Lets try to make some plots and explore the quality of data.

Abundance

First, lets transform the data into relative abundance

altExp(tse, 'read') <- transformAssay(altExp(tse, 'read'),assay.type = 'abundances', method = 'relabundance')

Now, lets plot the jitter plot based on relative abundance data, similar to the one presented at (Salosensaari et al. 2021) (Supplementary Fig.1), can be visualized as follows:

plotAbundanceDensity(
  altExp(tse, 'read'), layout = "jitter",
  assay.type = "relabundance",
  n = 20, point_size=1, point.shape=19,
  point.alpha=0.1) +
  scale_x_log10(label=scales::percent)
Warning in scale_x_log10(label = scales::percent): log-10 transformation
introduced infinite values.

The relative abundance values for the top-10 AMR genes can be visualized as a density plot over a log-scaled axis, with “Westernized” variable indicated by colors:

plotAbundanceDensity(
  altExp(tse, 'read'), layout = "density",
  assay.type = "relabundance",
  n = 10, colour.by="Westernized",
  point.alpha=1/10) +
  scale_x_log10()
Warning in scale_x_log10(): log-10 transformation introduced infinite values.
Warning: Removed 8606 rows containing non-finite outside the scale range
(`stat_density()`).

This plot gives an idea about the abundances of some AMRs like tetQ are more in westernized population.

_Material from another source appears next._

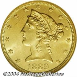 <table><tr><td><TABLE cellSpacing=0 cellPadding=0 width="100%" bgColor=#000000 border=0><TBODY> <TR><TD width="100%"><TABLE cellSpacing=1 cellPadding=3 width="100%" border=0><TBODY><TR><TD width="100%" bgColor=#79735c><FONT face=arial color=#ffffff size=3><B>Description</B> </FONT></TD></TR><TR><TD width="100%" bgColor=#ffffff><FONT face=arial size=2><B>1889 $5 MS63 NGC.</B></I> The 1889 is a difficult and generally overlooked issue with a very low mintage of only 7,565 pieces. This coin is tied with five others as second finest certified by NGC with one finer (2/04). This is a fully struck coin that has bright, shimmering, semi-prooflike fields. Surprisingly attractive for the grade, the only obvious mark is an angling abrasion in the upper left obverse field. </FONT></TD></TR></TBODY></TABLE></TD></TR></TBODY></TABLE><BR><A name=PricesRealized></A><TABLE cellSpacing=0 cellPadding=0 width="100%" bgColor=#000000 border=0><TBODY><TR><TD width="100%"><TABLE cellSpacing=1 cellPadding=3 width="100%" border=0><TBODY><TR><TD width="100%" bgColor=#79735c><A name=PR><FONT face=arial color=#ffffff size=3><B>Previous Prices from Heritage Auctions</B> </FONT></A></TD></TR><TR><TD bgColor=#f6f6ed><TABLE cellSpacing=0 cellPadding=0 width="100%" border=1><TBODY><TR><TD align=middle width="33%"><B>Date</B></TD><TD align=middle width="33%"><B>Service</B></TD><TD align=middle width="33%"><B>Price</B></TD></TR><TR bgColor=whitesmoke><TD width="33%"><B>11/01/1994</B></TD><TD width="33%">PCGS</TD><TD width="33%">$3,520.00</TD></TR></TBODY></TABLE></TD></TR><TR><TD bgColor=#ffffff><FONT face=arial size=1 ?>PLEASE NOTE: All prices realized reflect the final hammer price PLUS the buyer's premium in auctions that charge a buyer's premium. Each item has a notation at the top of the listing indicating whether that lot included a buyer's premium. Example: A item that sells with a final hammer price of $100 and a 20% buyer's premium will display with a price realized of $120. All information listed is intended to be as accurate as possible, but errors are possible. Please use this guide carefully and inform us of any inaccuracies. </FONT></TD></TR></TBODY></TABLE></TD></TR></TBODY></TABLE><BR><TABLE cellSpacing=0 cellPadding=0 width="100%" bgColor=#000000 border=0><TBODY><TR><TD width="100%"><TABLE cellSpacing=1 cellPadding=3 width="100%" border=0><TBODY><TR><TD width="100%" bgColor=#79735c colSpan=6><FONT face=arial color=#ffffff size=3><B>Price Guide*</B> </FONT></TD></TR><TR bgColor=#f6f6ed><TD align=middle><B>Grade</B> </TD><TD align=middle><B>Coin World<BR>(Trends)</B> </TD><TD align=middle><B>Numismedia<BR>Retail</B> </TD><TD align=middle><B>Numismedia<BR>Wholesale</B> </TD><TD align=middle><B>Coin<BR>Universe</B> </TD><TD align=middle><B>Heritage<BR>Value Index</B> </TD></TR><TR bgColor=#ffffff><TD align=middle>62</TD><TD align=right>$2,400.00</TD><TD align=right>---</TD><TD align=right>$1,475.00</TD><TD align=right>$2,350.00</TD><TD align=right>$1,558.33</TD></TR><TR style="FONT-WEIGHT: bold" bgColor=#cccfdd><TD align=middle>63</TD><TD align=right>$5,000.00</TD><TD align=right>---</TD><TD align=right>$3,925.00</TD><TD align=right>$2,925.00</TD><TD align=right>$2,374.17</TD></TR><TR bgColor=#ffffff><TD align=middle>64</TD><TD align=right>---</TD><TD align=right>---</TD><TD align=right>---</TD><TD align=right>---</TD><TD align=right>$2,384.08</TD></TR><TR bgColor=#ffffff><TD colSpan=6><FONT size=1>*All information listed is intended to be as accurate as possible, but errors are possible. No item may be returned or refused based on this information which is provided as a service to our customers. You should contact each pricing source directly to determine the accuracy of this information. </FONT></TD></TR></TBODY></TABLE></TD></TR></TBODY></TABLE><BR><TABLE cellSpacing=0 cellPadding=0 width="100%" bgColor=#000000 border=0><TBODY><TR><TD width="100%"><TABLE cellSpacing=1 cellPadding=3 width="100%" border=0><TBODY><TR><TD width="100%" bgColor=#79735c><FONT face=arial color=#ffffff size=3><B>Population Guide</B> </FONT></TD></TR><TR bgColor=#ffffff><TD align=middle><!-- Begin Output of Population Grid--><TABLE cellSpacing=0 cellPadding=0 width="100%" border=0><TBODY><TR><TD vAlign=center><TABLE cellSpacing=0 width="100%" border=1 cellsadding="3"><TBODY><TR><TD vAlign=center><TABLE cellSpacing=0 cellPadding=3 width="100%" border=1><TBODY><TR><TD vAlign=center align=middle bgColor=#f0f1e8 colSpan=2 <CENTER><FONT face=Arial size=2><B>PCGS Pop </B></FONT><CENTER></CENTER></TD><TD vAlign=center align=middle bgColor=#f0f1e8 colSpan=2><CENTER><FONT face=Arial size=2><B>NGC Pop</B></CENTER></FONT></TD></TR><TR><TD vAlign=center><FONT face=Arial size=2>(63)</FONT> </TD><TD vAlign=center align=right><FONT face=Arial size=2>5</FONT> </TD><TD vAlign=center><FONT face=Arial size=2>(63)</FONT> </TD><TD vAlign=center align=right><FONT face=Arial size=2>7</FONT> </TD></TR><TR><TD vAlign=center><FONT face=Arial size=2>(>63)</FONT> </TD><TD vAlign=center align=right><FONT face=Arial size=2>1</FONT> </TD><TD vAlign=center><FONT face=Arial size=2>(>63)</FONT> </TD><TD vAlign=center align=right><FONT face=Arial size=2>1</FONT> </TD></TR></TBODY></TABLE></TD></TR></TBODY></TABLE></TD></TR></TBODY></TABLE><!-- End Output of Population Grid--></TD></TR></TBODY></TABLE></TD></TR></TBODY></TABLE><BR><TABLE cellSpacing=0 cellPadding=0 width="100%" bgColor=#000000 border=0><TBODY><TR> <font color='#000000'><span style='background-color: #FFFFFF'><td bgcolor='#FFFFFE'> Important notice: Heritage usually auctions material at the rate of 200-250 lots per hour. On some occasions eBay Live bid software or the Internet may not be able to keep up with the pace of the auction. We recommend placing a realistic absentee bid now as insurance to avoid disappointment. Occasionally the auctioneer may eliminate or reject an eBay Live bid, and the auctioneer may also reopen a lot after the close of the eBay live bidding (usually because we missed an audie

Lets agglomerate data based on anitbiotic class present in rowData and see the same plots at antibiotics class level:

# Agglomerate
altExp(tse, 'read_abclass') <- agglomerateByVariable(
                                  x = altExp(tse, 'read'),
                                  by='rows',
                                  rowData(altExp(tse,'read'))$antibiotic_class
                                  )
# plot
plotAbundanceDensity(
  altExp(tse, 'read_abclass'), layout = "density",
  assay.type = "relabundance",
  n = 10, colour.by="Westernized",
  point.alpha=1/10) +
  scale_x_log10()
Warning in scale_x_log10(): log-10 transformation introduced infinite values.
Warning: Removed 12041 rows containing non-finite outside the scale range
(`stat_density()`).

Diversity and Similarity

Alpha diversity

Alpha diversity can be estimated with addAlpha() wrapper function that interact with other packages implementing the calculation, such as vegan (Oksanen et al. 2020)

These functions calculate the given indices, and add them to the colData slot of the SummarizedExperiment object with the given name.

# calculate observed alpha diversity and add it to colData slot
altExp(tse, 'read') <- addAlpha(
  altExp(tse, 'read'), assay.type = "abundances", index = "shannon_diversity", name = "shannon_diversity",
  detection = 10)

# plot
plotColData(
    altExp(tse, 'read'),
    "shannon_diversity",
    "Disease",
    colour_by = "Disease") +
    theme(axis.text.x = element_text(angle = 45, hjust = 1)) +
  xlab('Host status')

Unsupervised ordinations

Unsupervised ordination methods analyze variation in the data without additional information on covariates or other supervision of the model. Among the different approaches, Multi-Dimensional Scaling (MDS) and non-metric MDS (NMDS) can be regarded as the standard. They are jointly referred to as PCoA.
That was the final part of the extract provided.